### THE INPUT:
□ □ □ □ □

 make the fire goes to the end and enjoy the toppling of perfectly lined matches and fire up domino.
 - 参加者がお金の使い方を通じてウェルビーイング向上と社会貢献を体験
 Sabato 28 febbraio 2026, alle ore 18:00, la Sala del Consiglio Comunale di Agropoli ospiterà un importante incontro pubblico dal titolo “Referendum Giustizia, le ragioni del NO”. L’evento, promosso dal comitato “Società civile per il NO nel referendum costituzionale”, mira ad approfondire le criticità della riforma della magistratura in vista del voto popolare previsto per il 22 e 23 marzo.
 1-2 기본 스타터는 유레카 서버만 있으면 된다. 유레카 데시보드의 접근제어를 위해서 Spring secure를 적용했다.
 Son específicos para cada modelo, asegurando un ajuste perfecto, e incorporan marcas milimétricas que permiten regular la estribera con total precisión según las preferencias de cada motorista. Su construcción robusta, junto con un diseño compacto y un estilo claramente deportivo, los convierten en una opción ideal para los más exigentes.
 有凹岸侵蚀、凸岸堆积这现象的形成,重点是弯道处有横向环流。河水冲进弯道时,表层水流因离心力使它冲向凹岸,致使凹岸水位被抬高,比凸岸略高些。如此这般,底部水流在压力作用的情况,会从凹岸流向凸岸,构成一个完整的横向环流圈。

□ □ □ □ □

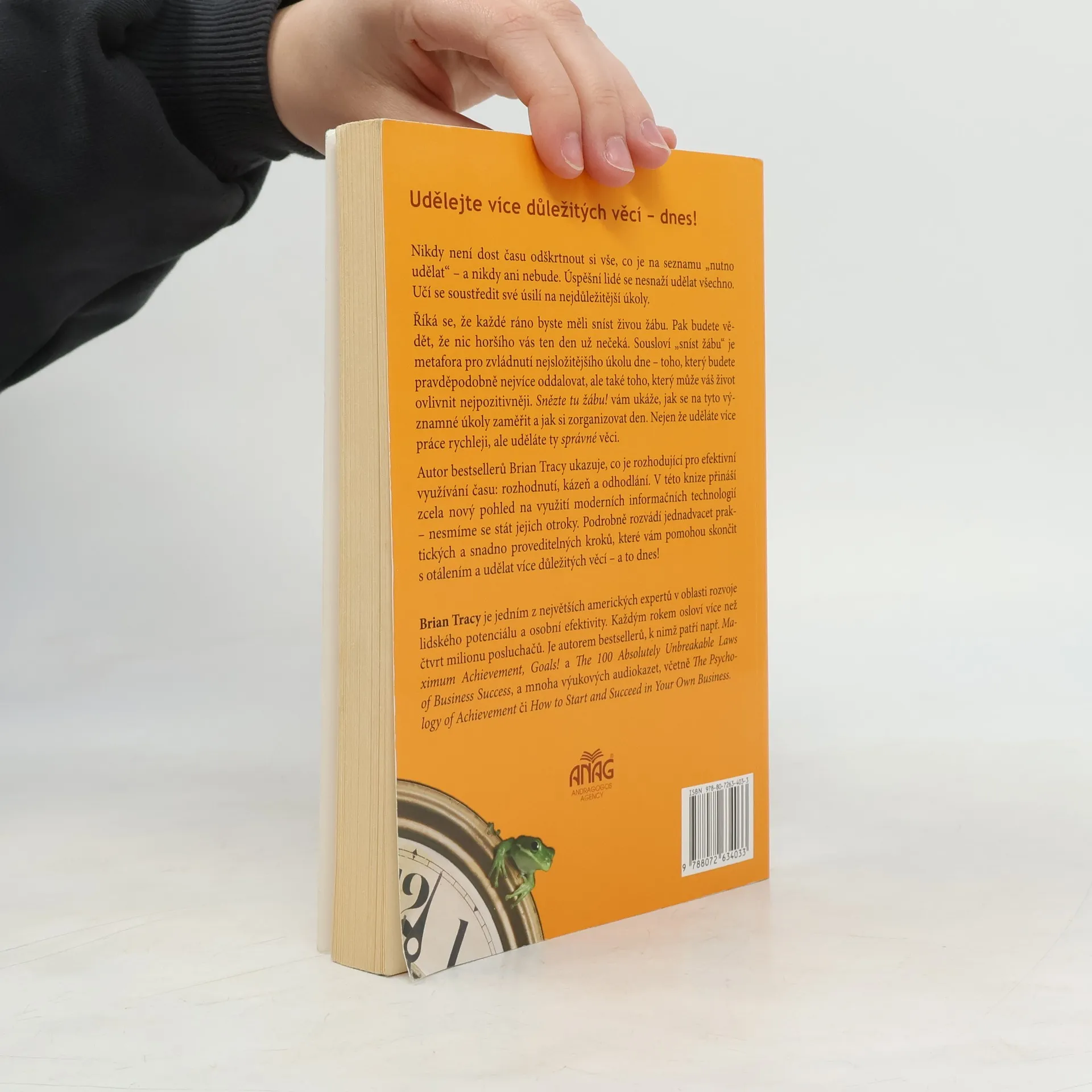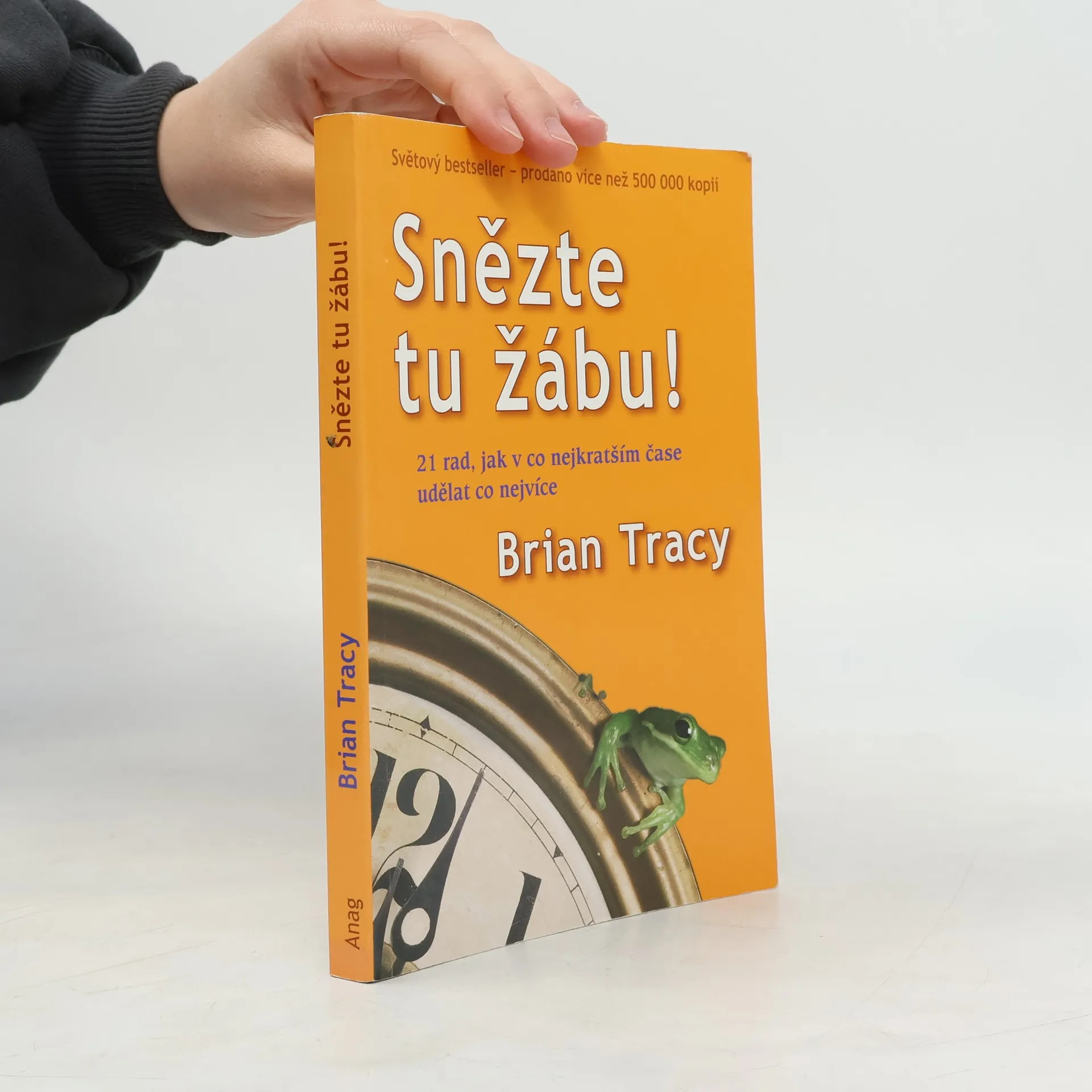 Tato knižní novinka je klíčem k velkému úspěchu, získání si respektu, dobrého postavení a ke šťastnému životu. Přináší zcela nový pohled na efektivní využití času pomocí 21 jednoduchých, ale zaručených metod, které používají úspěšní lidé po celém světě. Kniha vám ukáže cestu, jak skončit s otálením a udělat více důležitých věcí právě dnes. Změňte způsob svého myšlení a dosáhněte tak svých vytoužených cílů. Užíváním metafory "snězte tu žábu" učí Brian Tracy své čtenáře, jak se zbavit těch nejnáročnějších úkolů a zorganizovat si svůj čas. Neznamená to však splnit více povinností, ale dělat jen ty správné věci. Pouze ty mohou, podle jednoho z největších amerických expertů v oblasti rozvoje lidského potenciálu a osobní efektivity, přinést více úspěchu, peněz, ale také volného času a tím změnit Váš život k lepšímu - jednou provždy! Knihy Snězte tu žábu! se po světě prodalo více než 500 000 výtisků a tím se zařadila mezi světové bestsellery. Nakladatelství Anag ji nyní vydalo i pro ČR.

□ □ □ □ □

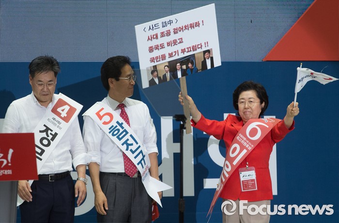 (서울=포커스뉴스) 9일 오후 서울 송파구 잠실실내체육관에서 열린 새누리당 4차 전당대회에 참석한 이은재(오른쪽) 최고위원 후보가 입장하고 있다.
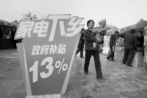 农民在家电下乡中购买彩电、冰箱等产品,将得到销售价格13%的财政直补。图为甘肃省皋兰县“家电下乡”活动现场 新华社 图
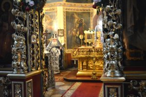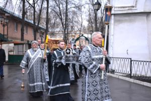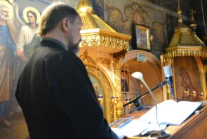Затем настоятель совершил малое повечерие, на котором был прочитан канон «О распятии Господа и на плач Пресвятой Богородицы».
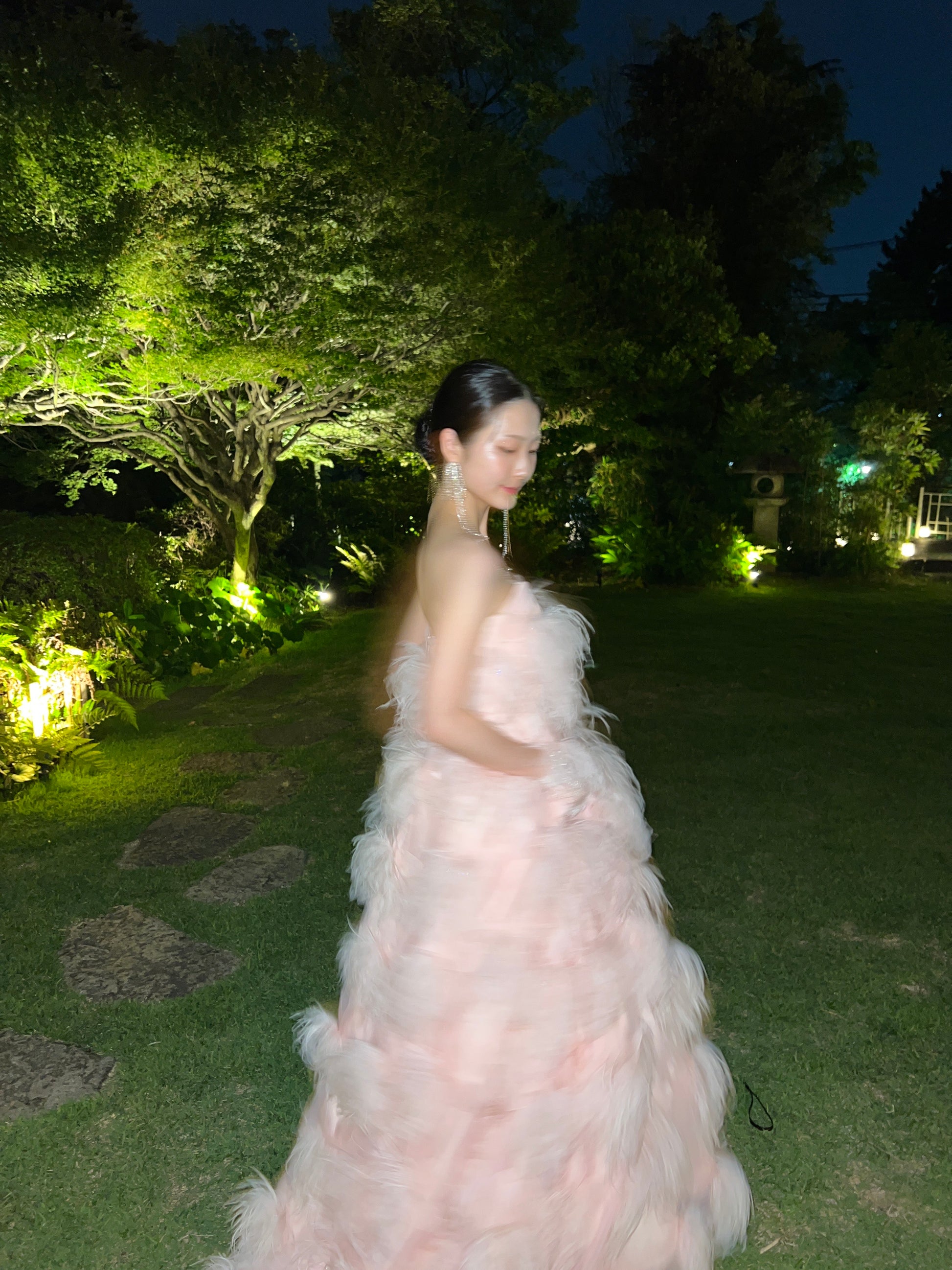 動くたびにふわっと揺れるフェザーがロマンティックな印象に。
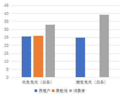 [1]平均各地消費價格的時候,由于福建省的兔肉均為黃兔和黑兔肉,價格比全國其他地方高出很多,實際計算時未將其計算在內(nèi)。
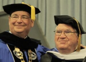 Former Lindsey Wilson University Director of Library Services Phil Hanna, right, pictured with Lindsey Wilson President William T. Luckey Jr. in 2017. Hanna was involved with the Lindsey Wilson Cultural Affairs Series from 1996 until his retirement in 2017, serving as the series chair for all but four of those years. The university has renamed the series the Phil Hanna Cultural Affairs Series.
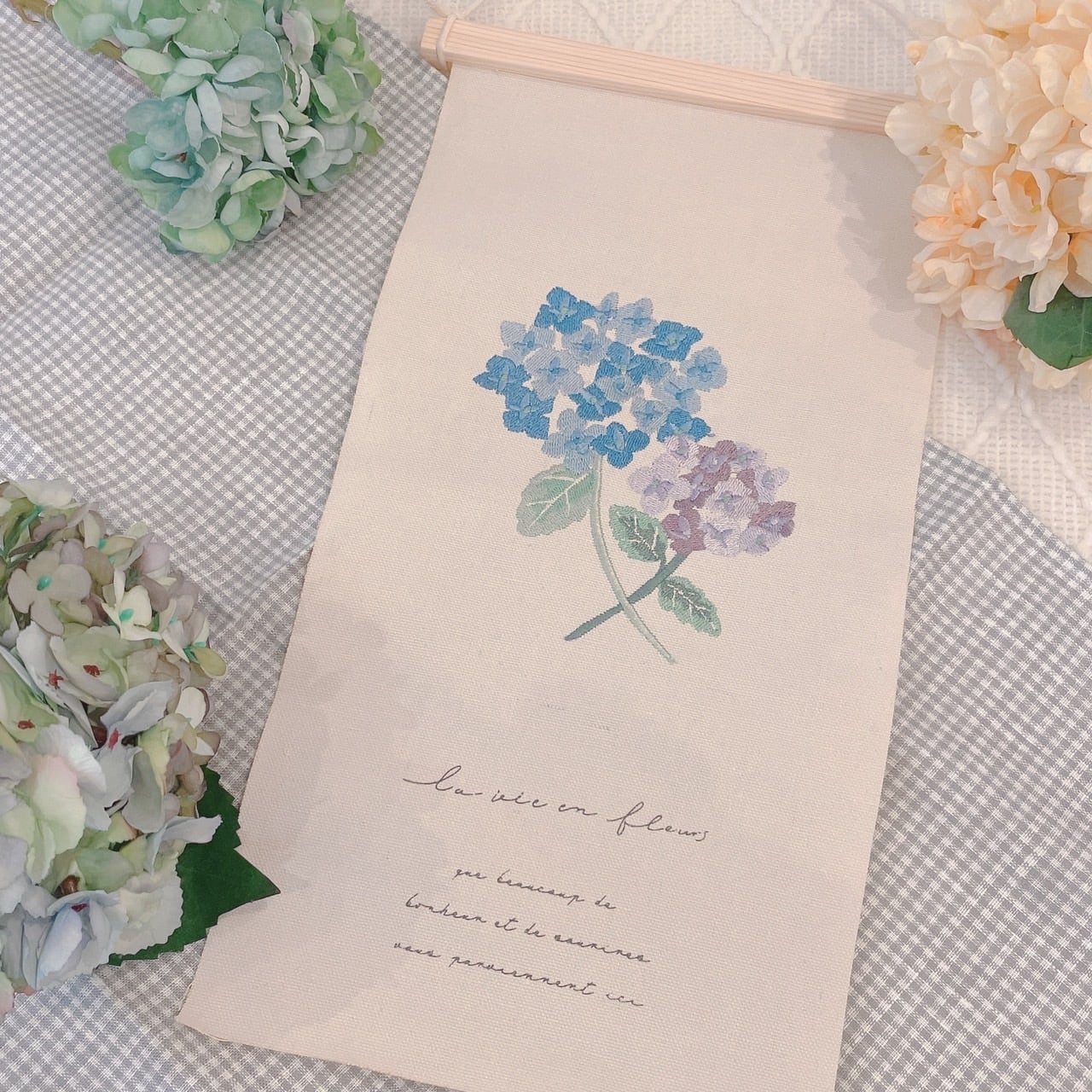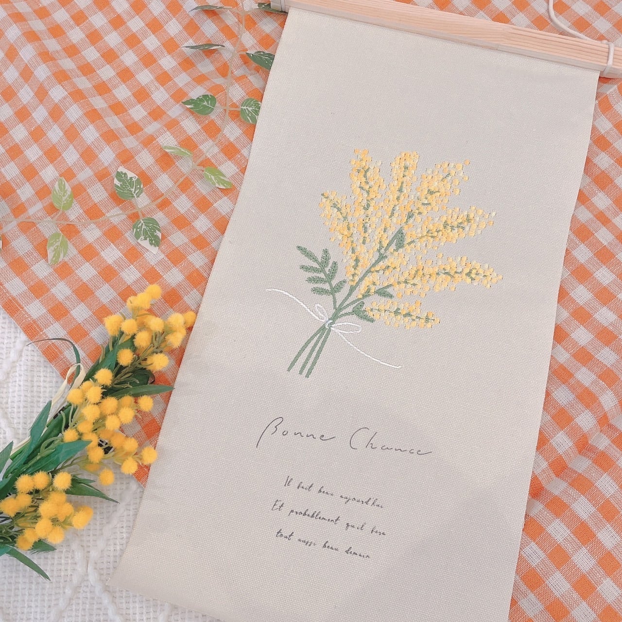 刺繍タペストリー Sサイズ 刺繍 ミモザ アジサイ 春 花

□ □ □ □ □

### EXERCISE GOAL:
Quote word for word only the lines above from the one containing "(서울=포커스뉴스) 9일 오후" through the one containing "動くたびにふわっと揺れるフェザーがロマンティックな印象に。". Pictures stay out of your copy.

### FINAL ANSWER:
 (서울=포커스뉴스) 9일 오후 서울 송파구 잠실실내체육관에서 열린 새누리당 4차 전당대회에 참석한 이은재(오른쪽) 최고위원 후보가 입장하고 있다.
 农民在家电下乡中购买彩电、冰箱等产品,将得到销售价格13%的财政直补。图为甘肃省皋兰县“家电下乡”活动现场 新华社 图
Затем настоятель совершил малое повечерие, на котором был прочитан канон «О распятии Господа и на плач Пресвятой Богородицы».
 動くたびにふわっと揺れるフェザーがロマンティックな印象に。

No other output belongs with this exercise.